There are 3,000 dead American civilians that wish we’d taken care of those Very Scary Terrorists well before 9/11.

Ken Prescott said...

In the near term, ISIS isn't a threat.

In the long term, I believe ISIS won't be a threat--or, more precisely, if it becomes, in the mid term, as big a threat as I fear, it won't be a threat any more, it will end up being radioactive air pollution courtesy of (take your pick) the US, the UK, France, Iran, Israel, Saudi Arabia, Russia, or some combination of any or all of the preceding nations. Yes, I think we'll end up getting that desperate.

Think Globally, Nuke Locally...

I think we're going to look back on the period 1989-2014 as "the years the locust have eaten," to wax Scriptural. And the reckoning for wasting that time is going to come with a frightful price tag.

editor said...

Richard Fox: Thoughtful comments. I, too, believe that nascent threats should be taken seriously. OUr biggest mistake (or sin) in the past decade-plus was conflating Iraq with GWOT. I believe that was done cynically by ne0o-cons seeking hubristically to reorder the Middle East. We kicked over a bad but stable regime and now reap the consequences. Same in Libya and less directly Syria.
The evil consequences of Iraq should not distort our view of how to respond to groups like ISIS. I reiterate that if the US had taken bin Laden's declaration of war seriously and had treated the attack on the USS Cole as the act of war that it was, we could have derailed the 9-11 attacks.
Suppressing terrorist threats is not the same thing as attempting to reorder the geopolitics of an entire region. One is necessary and doable, the other is imperial overreach.
Jim Cornelius

Unknown said...

Richard Fox: You warn Barry against extending a behavioral trait of one group to other groups, but you do the same thing when you extend to all Iraqis the opinions of the few with whom you worked. Doesn't the fact that those Iraqis were willing to see their political enemies tortured argue that other human groups are as aggressive as Americans?

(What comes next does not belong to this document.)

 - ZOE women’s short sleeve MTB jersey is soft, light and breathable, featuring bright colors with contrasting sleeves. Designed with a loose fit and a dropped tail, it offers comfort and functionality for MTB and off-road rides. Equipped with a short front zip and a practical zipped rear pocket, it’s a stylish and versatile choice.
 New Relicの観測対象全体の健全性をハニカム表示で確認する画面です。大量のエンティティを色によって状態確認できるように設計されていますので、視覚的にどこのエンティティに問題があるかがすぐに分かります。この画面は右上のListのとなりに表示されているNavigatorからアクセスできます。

You're ignoring an elephant in the room: the fact that terrorist groups are composed of non-Americans who hate us so much that they want to travel halfway around the world to kill us. Do you doubt that such people will respond aggressively to aggressive acts?

Do you mean to suggest that Japan, Germany, and South Korea became our allies _because_ we bombed them? That's how your statement reads. Perhaps that's not what you meant, but if you did, I want to point out that we didn't bomb South Korea, and as for your remaining two examples, they can be refuted with North Korea, Vietnam, and Laos, who did not become steadfast friends after we bombed them.

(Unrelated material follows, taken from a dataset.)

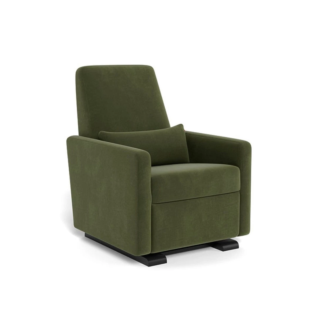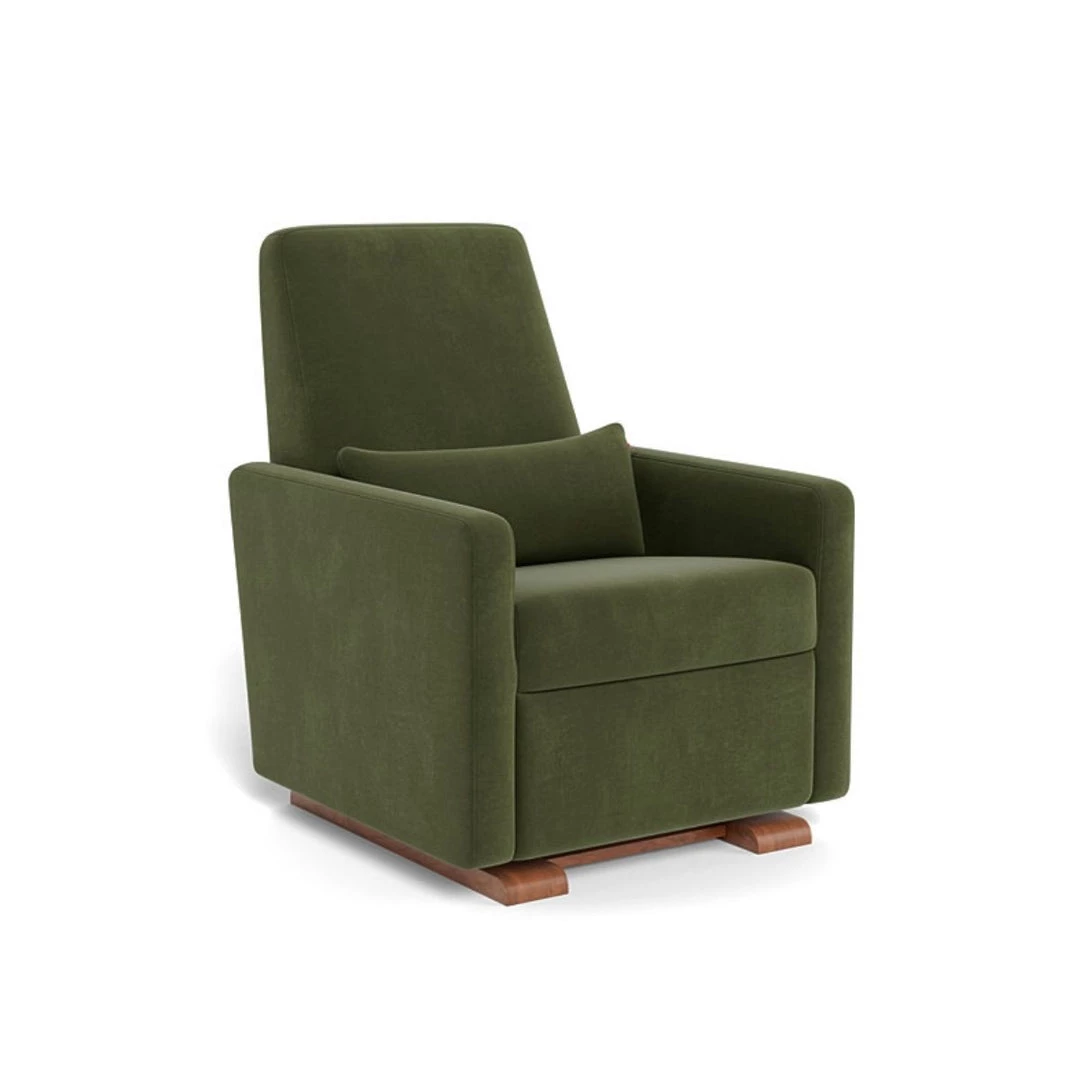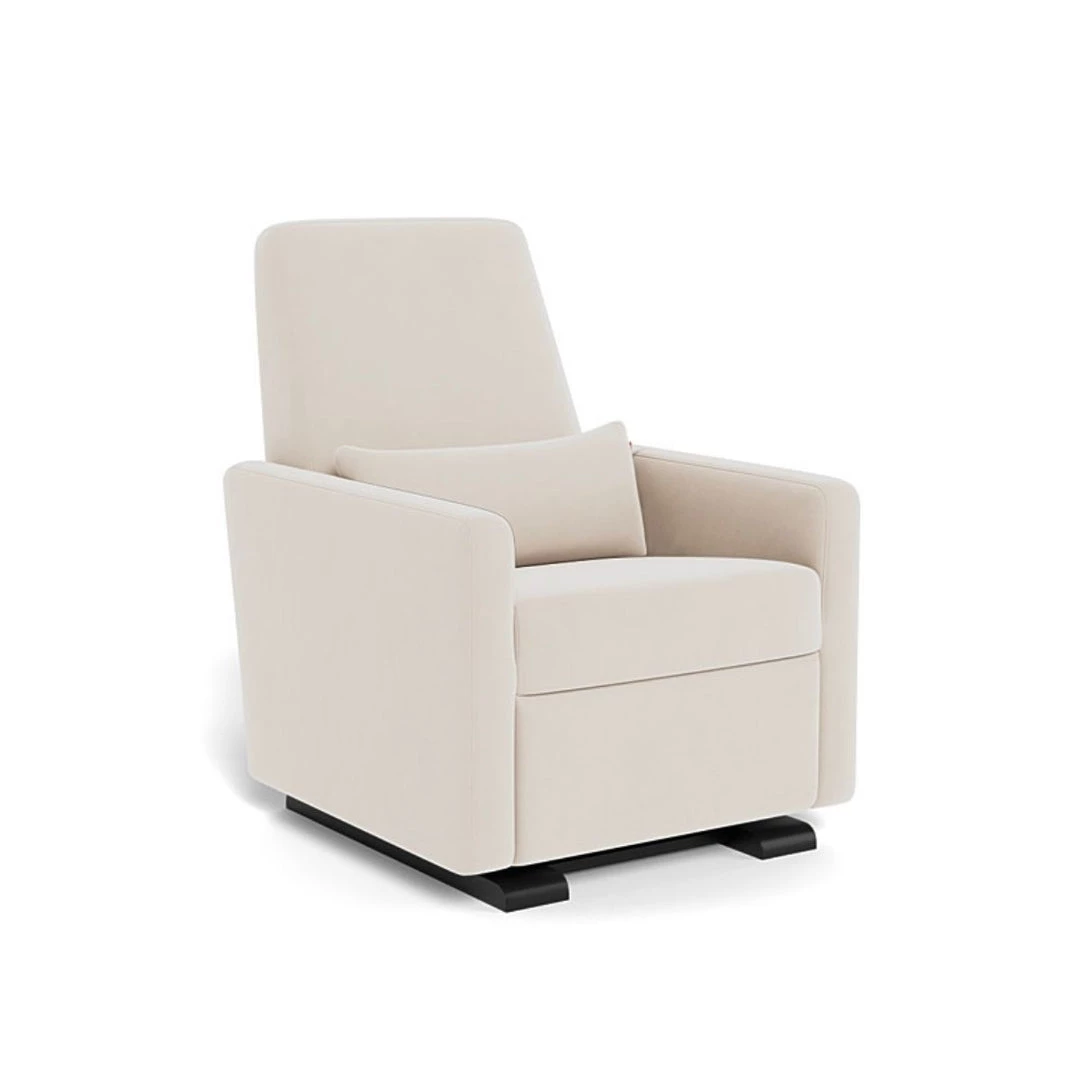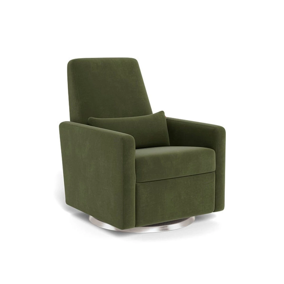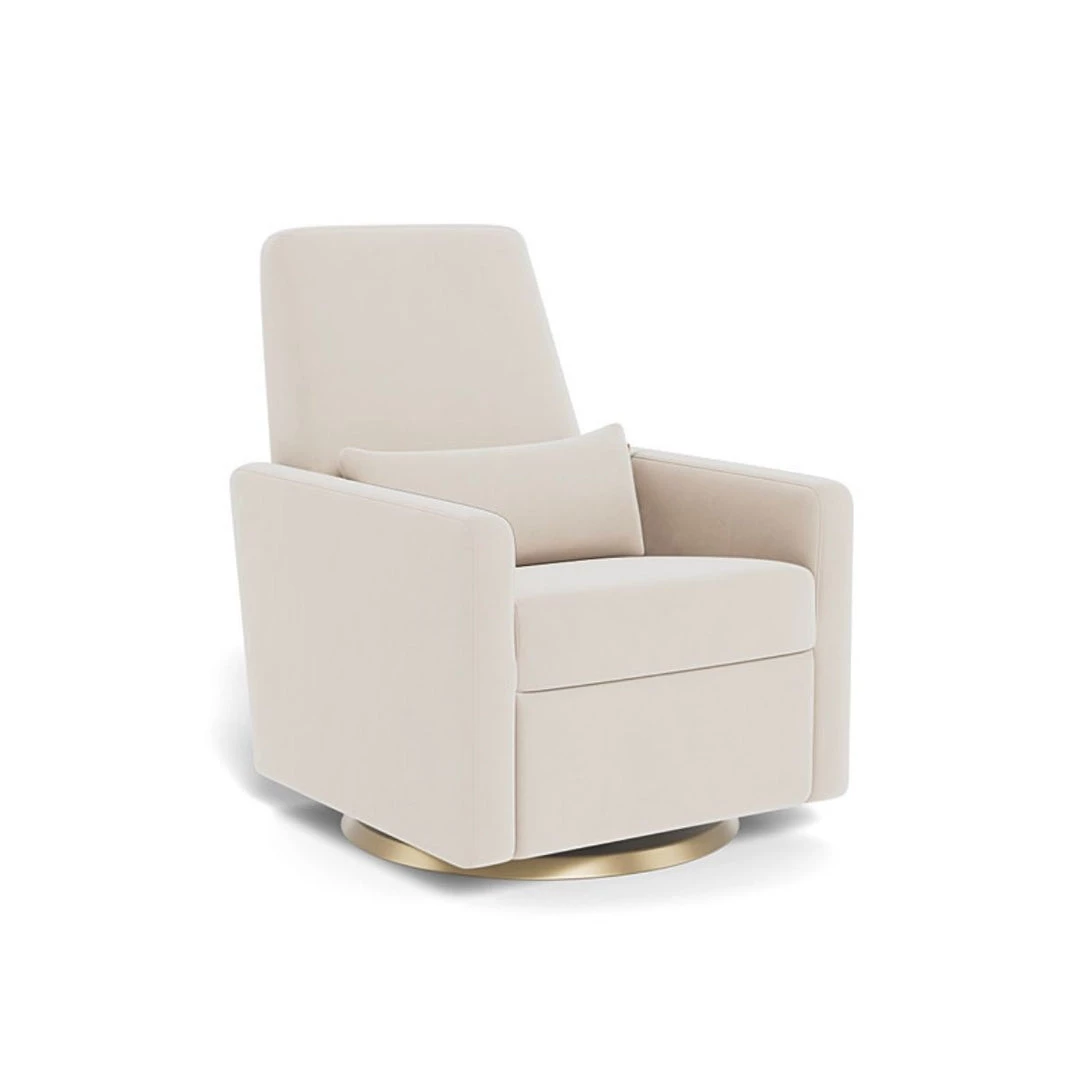 The Grano Glider Recliner is soft and comfortable. The reclining feature is perfect to sit back, put your feet up and relax. This Canadian handcrafted chair glides and swivels along a sleek, matte gold stainless steel base. The cushions are filled with a down-like polyester filling for superior comfort. This glider comes in many colour variations as well as two glider base options and two swivel base options.

I don't understand your calling your colleagues' callous response to Abu Ghraib a "funny story"; I'll have to put that down to different worldviews. But let's swap out the players in your story to see if your conclusion holds water logically:

If Iraq invaded the USA and captured and tortured American soldiers and civilians, and an office full of American collaborators condoned it, would that make the torture okay with you? If it did, should the rest of America be bound by your personal opinion?

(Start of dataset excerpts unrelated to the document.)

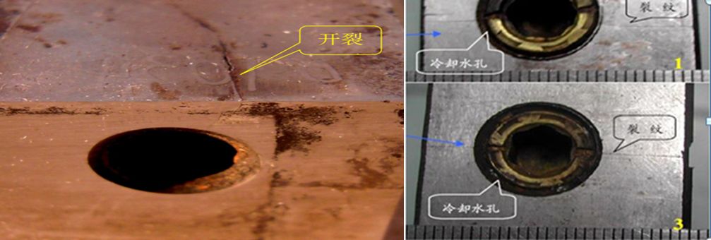 b.热处理淬火压力不足冷却速度不够造成模具韧性不足,当水孔处受氯离子腐蚀是容易引起水孔应力腐蚀开裂的原因之一。
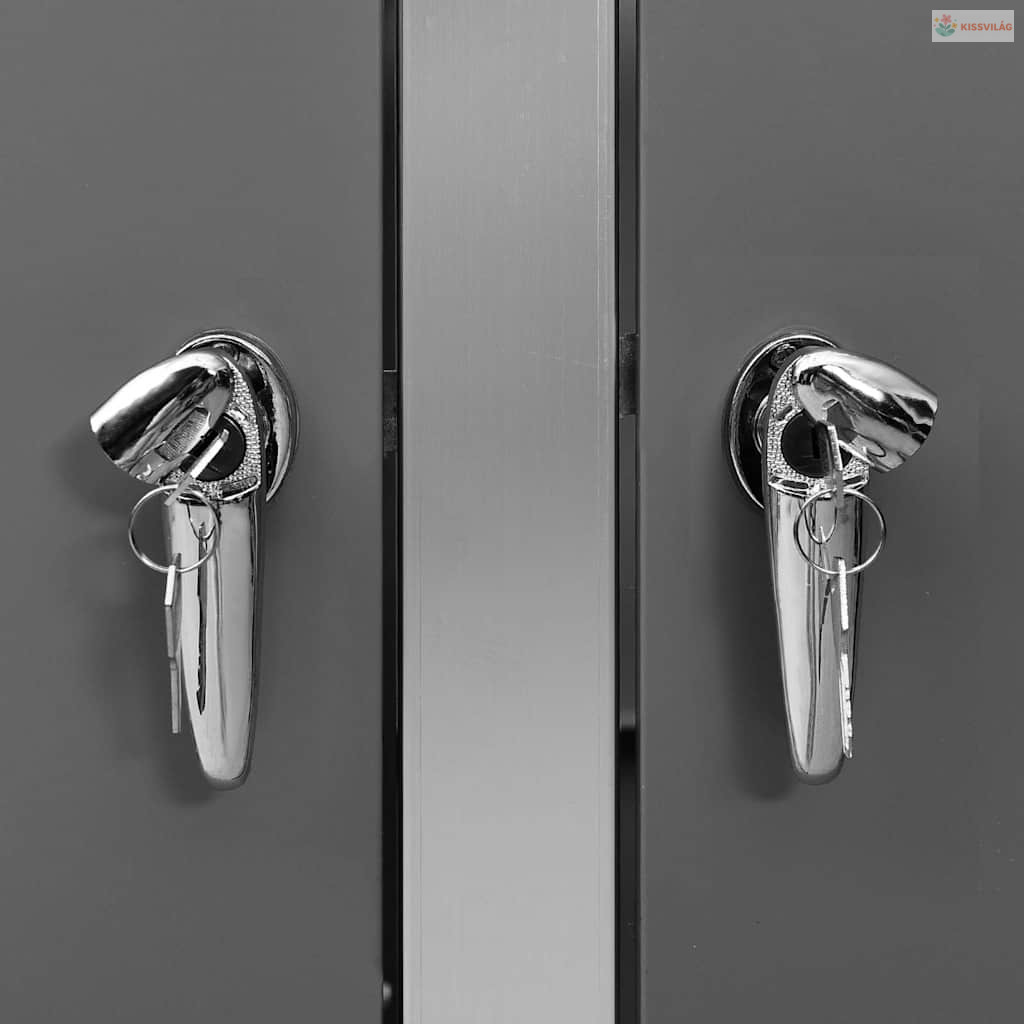 Ez a szemeteskuka tároló horganyzott acélpanelből és acélvázból készült, így rendkívül stabil és rozsdaálló. Az üreges tervezés lehetővé teszi a légáramlást és meggátolja a kellemetlen szagokat, a zárrendszer pedig biztosítja a szemeteskukák biztonságos tárolását. Továbbá a praktikus rugós fedél egyszerűvé teszi a kukát be- és kitolását.
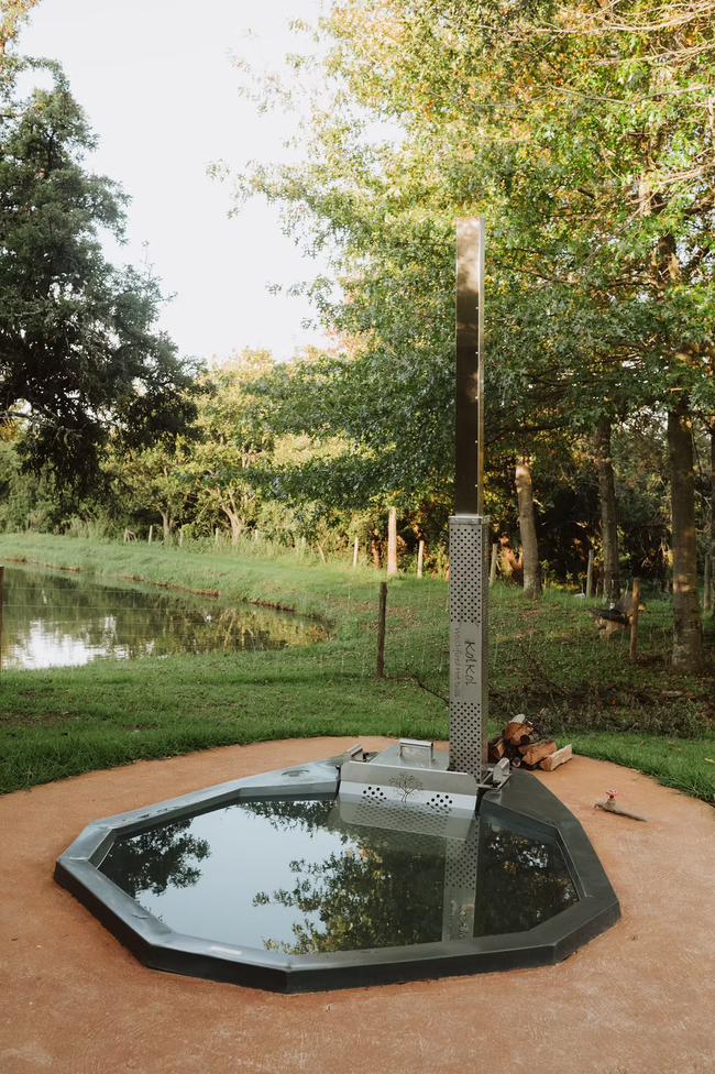 The cottage is fully equipped for self-catering, featuring a well-appointed kitchen and a KolKol wood-fired hot tub for relaxing under the stars. A generous supply of wood is provided for fireplaces, braais, and the hot tub, with additional wood available for purchase. A dedicated housekeeper is on hand to assist with daily tasks such as dishwashing, bed-making, and fire preparation, ensuring a comfortable stay.
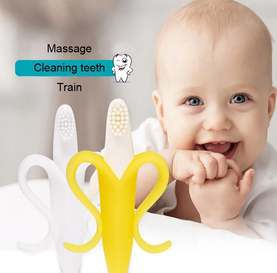 Baby Silicone Training Toothbrush BPA Free Banana Shape Safe Toddle Teether Chew Toys Teething Ring Gift For Infant Baby Chewing
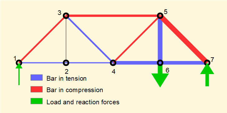 It is interesting to visualise in the diagram below forces acting on individual bars. Width of the line representing each bar is proportional to the force acting on the bar as are the arrows representing the applied force and reactions.
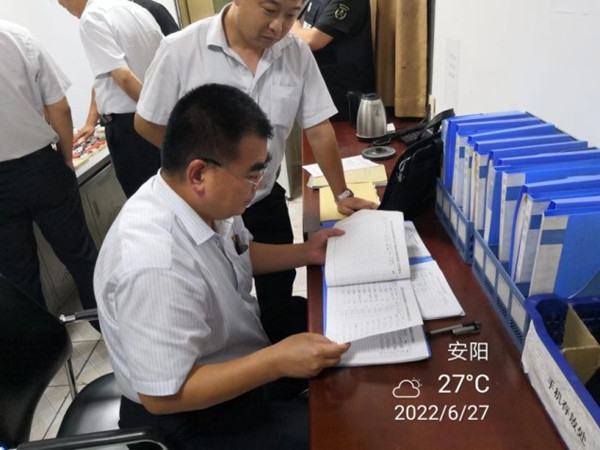 在檢查中,韋洪東詳細查看了大隊談心記錄、跟車、槍彈保養(yǎng)和預案演練等各項臺賬,還查看了大隊防疫記錄和守庫押運登記本。并對守押要害崗位審查表進行排查。在守庫室,張新平查看了槍彈的數(shù)量、存放和槍彈庫分離的改造,檢查了消防和報警設備,現(xiàn)場查看了守庫室和車輛的衛(wèi)生情況。

I've addressed a couple of specific problems I see in your posts, but there's a general problem that dwarfs them all: One man's anecdotal evidence and personal opinions cannot stand in the balance against a $4 trillion price tag (2014 Brown University estimate of the cost of the Iraq War). The only way to spend that kind of money is to do what everyone does when they make a large purchase, whether it's done only mentally or with spreadsheets and a team of accountants: take a sheet of paper, draw a line down the middle, and write the costs on one side and the benefits on the other. Then compare them, and invite everyone affected to compare them. And when it comes time to determine the value of the deaths and displacement of hundreds of thousands of human beings and the erosion of America's ethical reputation, the opinion of every person paying (taxes) for that operation must be counted equally.